##### Data provided #####

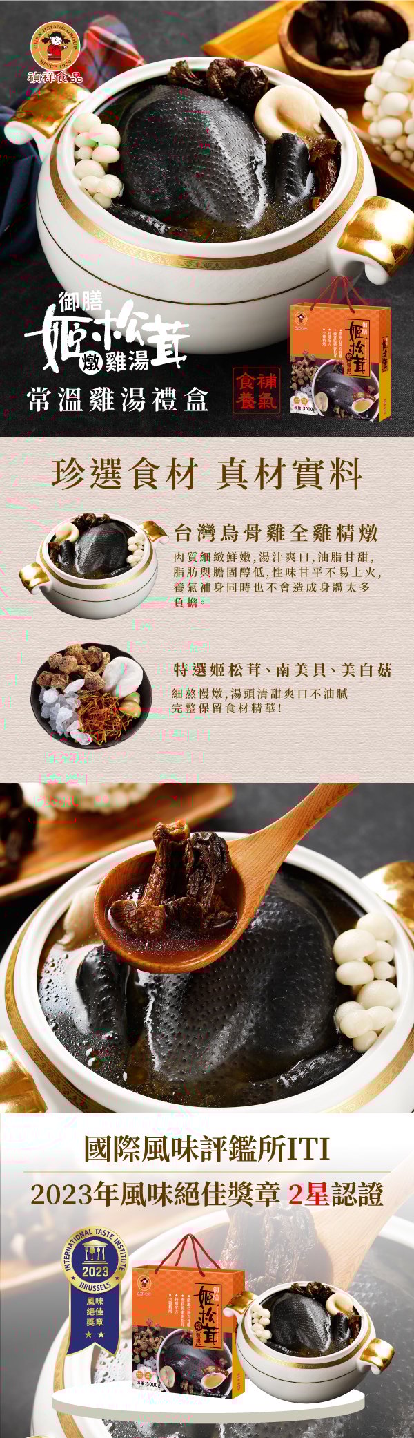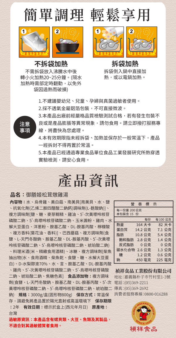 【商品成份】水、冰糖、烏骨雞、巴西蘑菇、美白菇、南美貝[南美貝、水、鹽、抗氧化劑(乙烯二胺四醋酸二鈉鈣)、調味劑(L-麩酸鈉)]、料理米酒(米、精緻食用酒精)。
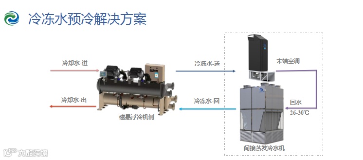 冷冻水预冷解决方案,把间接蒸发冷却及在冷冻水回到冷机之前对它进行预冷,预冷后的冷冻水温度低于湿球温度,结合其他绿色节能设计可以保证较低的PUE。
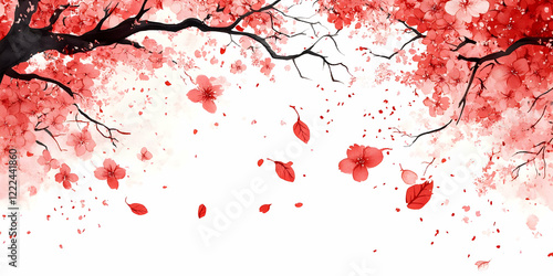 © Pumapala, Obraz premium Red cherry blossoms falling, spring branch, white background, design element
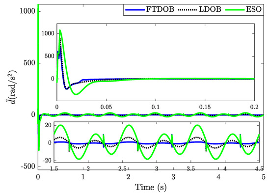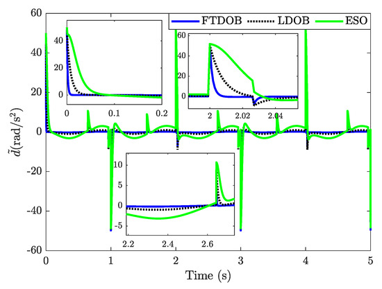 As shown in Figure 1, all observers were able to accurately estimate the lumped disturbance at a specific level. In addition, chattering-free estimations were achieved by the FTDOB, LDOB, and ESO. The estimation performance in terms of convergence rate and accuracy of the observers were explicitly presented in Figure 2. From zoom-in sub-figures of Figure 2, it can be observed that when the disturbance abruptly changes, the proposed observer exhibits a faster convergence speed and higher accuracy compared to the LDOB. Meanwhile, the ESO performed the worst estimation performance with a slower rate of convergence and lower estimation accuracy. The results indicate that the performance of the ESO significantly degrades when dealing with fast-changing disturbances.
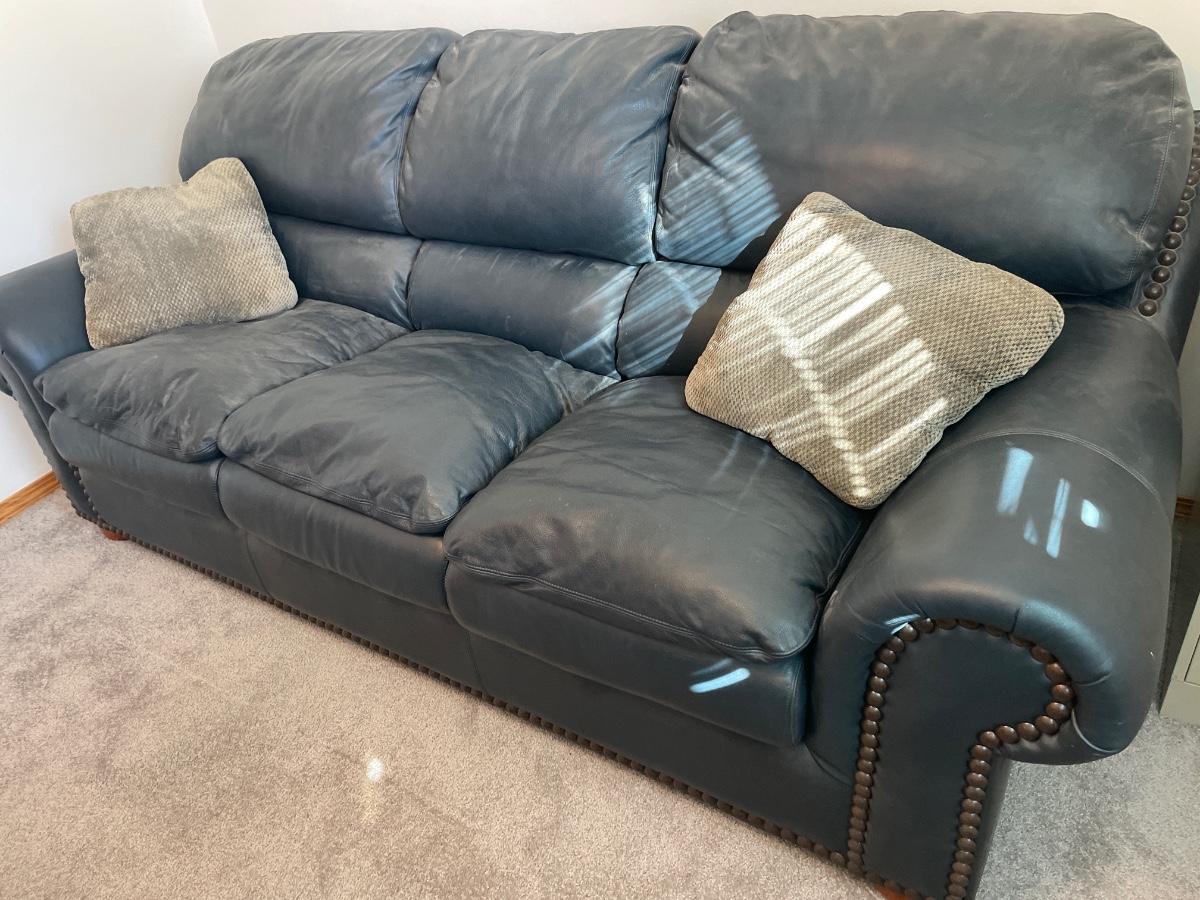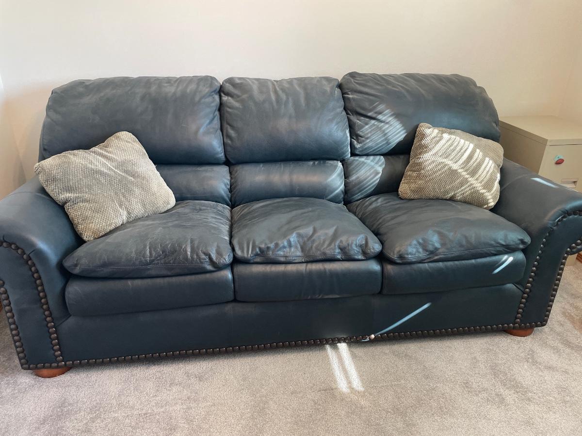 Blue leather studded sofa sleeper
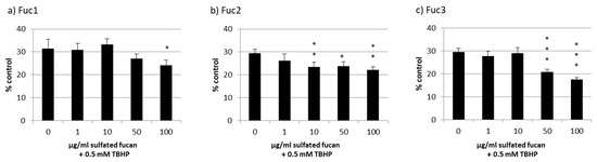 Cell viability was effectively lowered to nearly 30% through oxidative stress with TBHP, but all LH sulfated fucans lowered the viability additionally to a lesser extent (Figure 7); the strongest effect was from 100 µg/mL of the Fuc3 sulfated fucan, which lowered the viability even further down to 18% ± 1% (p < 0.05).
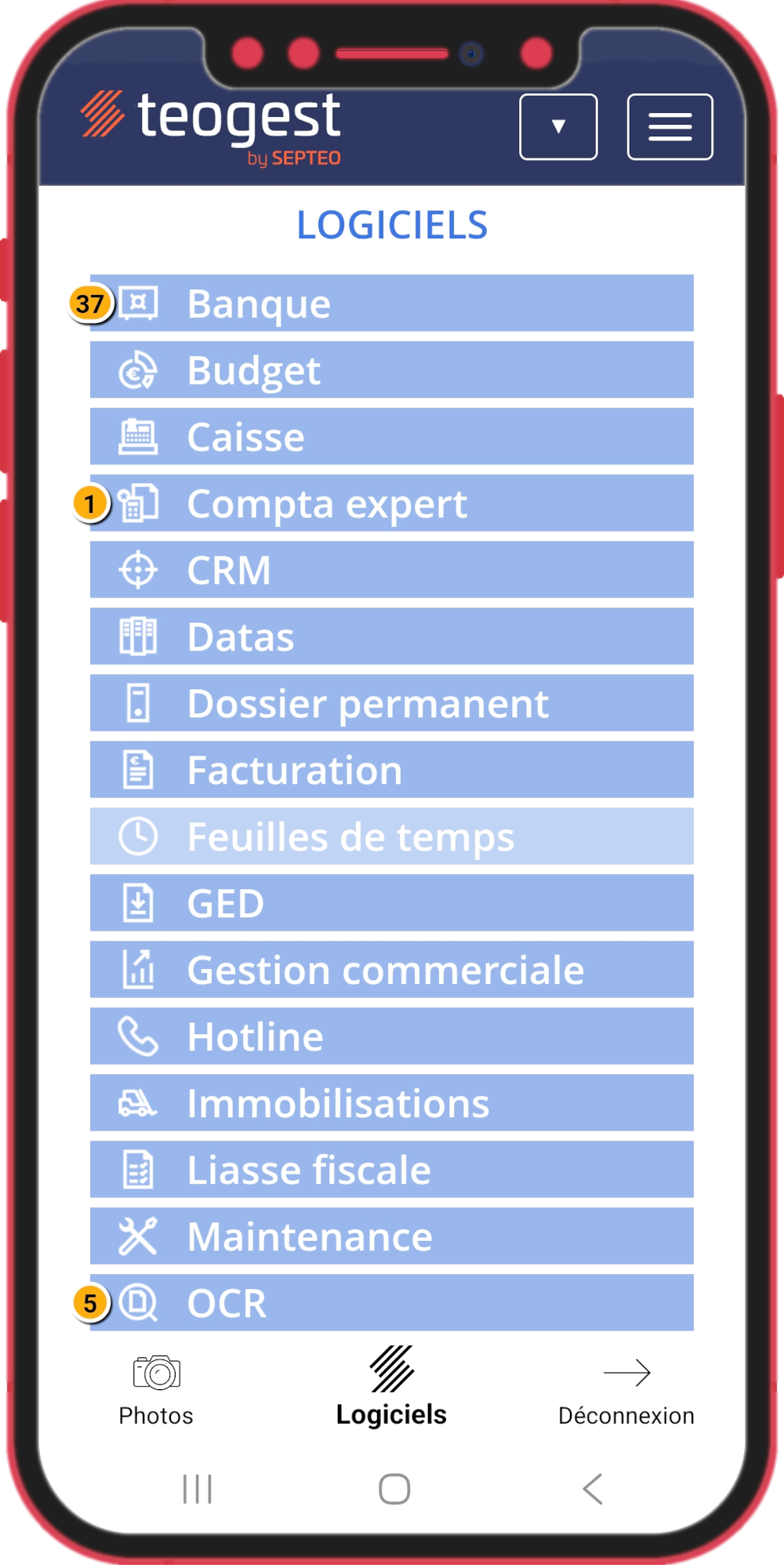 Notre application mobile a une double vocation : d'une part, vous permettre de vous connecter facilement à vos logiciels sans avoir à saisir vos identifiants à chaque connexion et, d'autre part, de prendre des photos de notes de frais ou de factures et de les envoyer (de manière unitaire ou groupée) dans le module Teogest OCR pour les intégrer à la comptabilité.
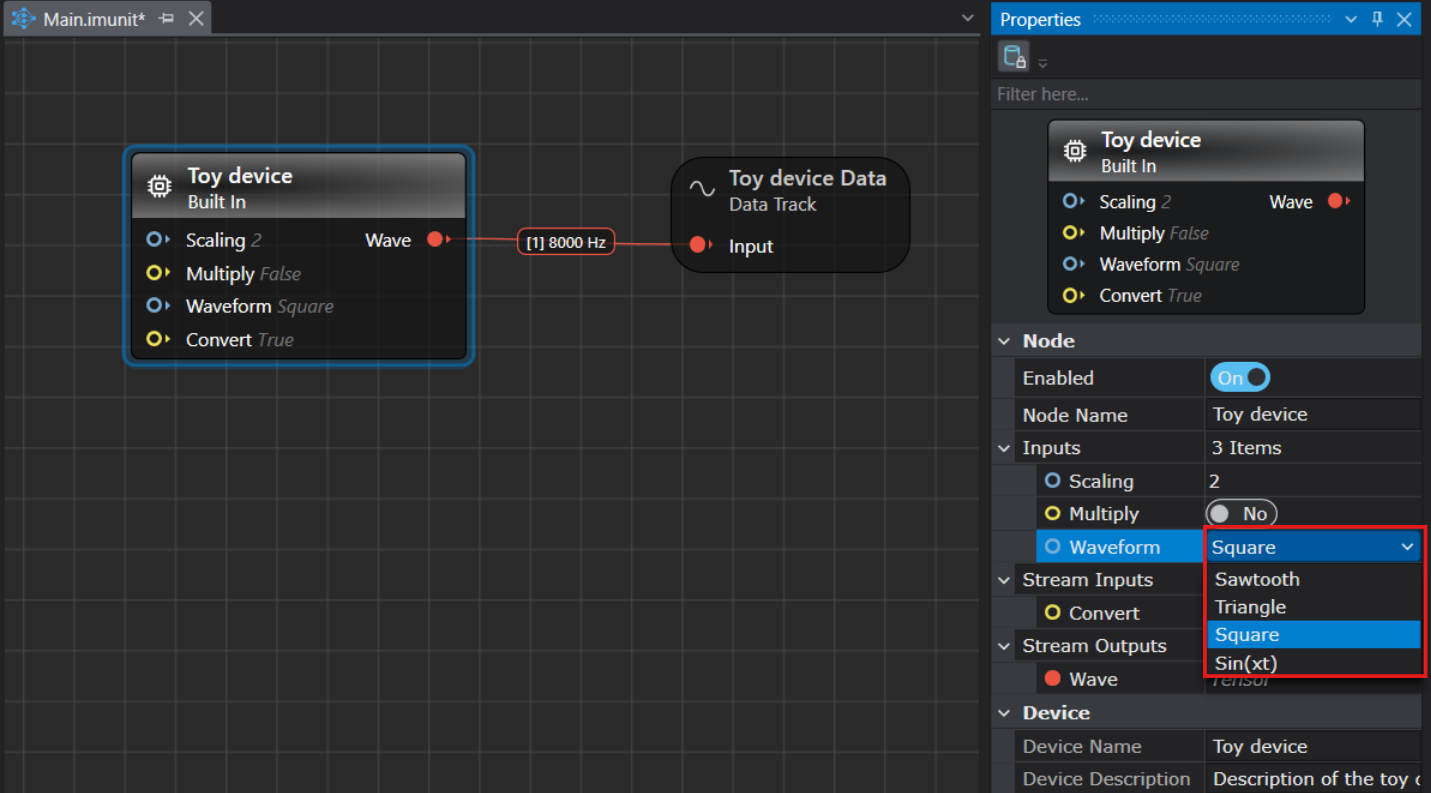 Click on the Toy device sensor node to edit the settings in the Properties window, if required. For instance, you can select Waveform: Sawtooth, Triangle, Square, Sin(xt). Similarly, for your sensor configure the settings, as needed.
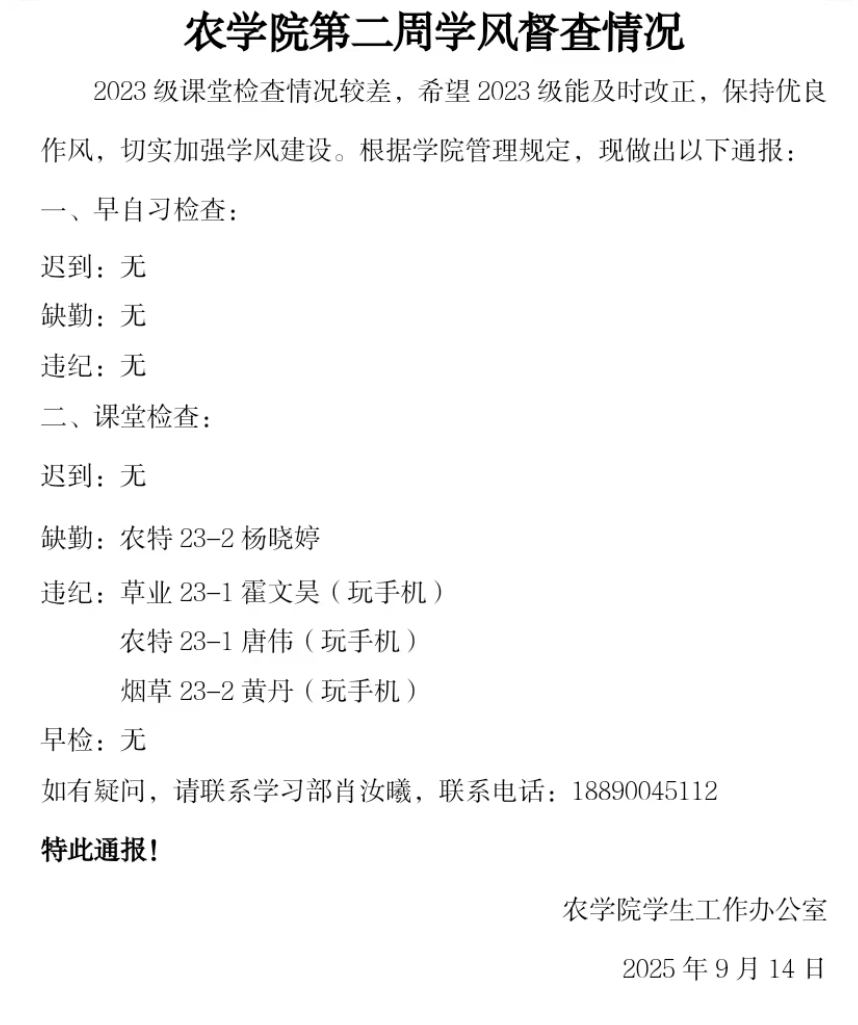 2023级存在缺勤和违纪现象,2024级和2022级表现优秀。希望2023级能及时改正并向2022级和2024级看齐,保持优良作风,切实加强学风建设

#####

§ Assigned task: Write the records above out again exactly, with no pictures in your copy.

§ Response below:
 【商品成份】水、冰糖、烏骨雞、巴西蘑菇、美白菇、南美貝[南美貝、水、鹽、抗氧化劑(乙烯二胺四醋酸二鈉鈣)、調味劑(L-麩酸鈉)]、料理米酒(米、精緻食用酒精)。
 冷冻水预冷解决方案,把间接蒸发冷却及在冷冻水回到冷机之前对它进行预冷,预冷后的冷冻水温度低于湿球温度,结合其他绿色节能设计可以保证较低的PUE。
 © Pumapala, Obraz premium Red cherry blossoms falling, spring branch, white background, design element
 As shown in Figure 1, all observers were able to accurately estimate the lumped disturbance at a specific level. In addition, chattering-free estimations were achieved by the FTDOB, LDOB, and ESO. The estimation performance in terms of convergence rate and accuracy of the observers were explicitly presented in Figure 2. From zoom-in sub-figures of Figure 2, it can be observed that when the disturbance abruptly changes, the proposed observer exhibits a faster convergence speed and higher accuracy compared to the LDOB. Meanwhile, the ESO performed the worst estimation performance with a slower rate of convergence and lower estimation accuracy. The results indicate that the performance of the ESO significantly degrades when dealing with fast-changing disturbances.
 Blue leather studded sofa sleeper
 Cell viability was effectively lowered to nearly 30% through oxidative stress with TBHP, but all LH sulfated fucans lowered the viability additionally to a lesser extent (Figure 7); the strongest effect was from 100 µg/mL of the Fuc3 sulfated fucan, which lowered the viability even further down to 18% ± 1% (p < 0.05).
 Notre application mobile a une double vocation : d'une part, vous permettre de vous connecter facilement à vos logiciels sans avoir à saisir vos identifiants à chaque connexion et, d'autre part, de prendre des photos de notes de frais ou de factures et de les envoyer (de manière unitaire ou groupée) dans le module Teogest OCR pour les intégrer à la comptabilité.
 Click on the Toy device sensor node to edit the settings in the Properties window, if required. For instance, you can select Waveform: Sawtooth, Triangle, Square, Sin(xt). Similarly, for your sensor configure the settings, as needed.
 2023级存在缺勤和违纪现象,2024级和2022级表现优秀。希望2023级能及时改正并向2022级和2024级看齐,保持优良作风,切实加强学风建设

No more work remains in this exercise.